In the same week, BMW Group said they are to invest in excess of £600 million into MINI factories in Oxford and Swindon, protecting 1000s of jobs. This follows other notable announcements such as Tata Group's £4 billion gigafactory and Stellantis’ £100 million investment into Ellesmere Port.
This is all, of course, welcome news for both the economy and the industrial sector on which its growth relies, but with supply of new units tight and impacted by falling construction starts, how do we keep the motor running?
In the second quarter of this year, the manufacturing sector overtook logistics demand, 36% of all big box space leased. In 2022 the manufacturing sector only accounted for 15% of take-up in sheds. As demand from other sectors softened towards big box industrial and logistics units in Q2 2023, renewals of existing Jaguar Land Rover and BAE Systems leases which amounted to over one million sq ft, and Rolls Royce taking 145,000 sq ft at St Modwen’s Derby delivered a strong quarter for manufacturing.
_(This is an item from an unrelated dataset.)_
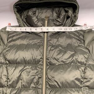 Lucky Brand Nylon Puffer Jacket w/ Hood Down Filled Colour Army Green Size Small

Furthermore, Tesla have reported significant interest in a new 338,000 sq ft unit in Milton Keynes.
As the automotive sector thrives, the demand for space may see it coming up against the diverse occupiers in industrial property. Logistics has dominated big box take-up in recent years with operators like Amazon, Evri, DHL and Iron Mountain taking millions of sq ft. In Q3 of this year, non-automotive manufacturers like Caterpillar, Modpods and LWC Drinks have taken over 500,000 sq ft combined. Diversity in big box occupiers means that car manufacturers and their suppliers will have serious competition for top units.
To give you an idea of the scale we’re dealing with, The Society of Motor Manufacturers and Traders (SMMT) reports that there are 25 car manufacturers currently in the UK, served by the 2,500 component manufacturers in the country. That’s a significant demand pool on its own without factoring in continued on-shoring as ‘Made in Britain’ moves closer to a reality. It’s not only a case of cutting down supply time, having production within the UK allows for stronger quality control too.
While big box spaces have taken the headlines in car manufacturing, suppliers will look to take stock up to 100,000 sq ft. These existing spaces mostly need retrofitting to meet occupier demands on operational efficiency. As part of these refurbishments, landlords should consider the requirements of the automotive supply sector, predominantly access to power, as there is potential for rental growth as the sector revs up.
Having been in the shadows of the logistics boom, it would appear that industrial estates are going to see a lot more activity. The announcements from JLR and BMW have given much clarity to suppliers on production, particularly for electric vehicle parts. Having held back on expansion, it is now full speed ahead and even softened sentiment from the prime minister on his green agenda will not be a red light on the clear direction of travel towards EV. Clearly, with the support of the industrial sector, the future will be electric.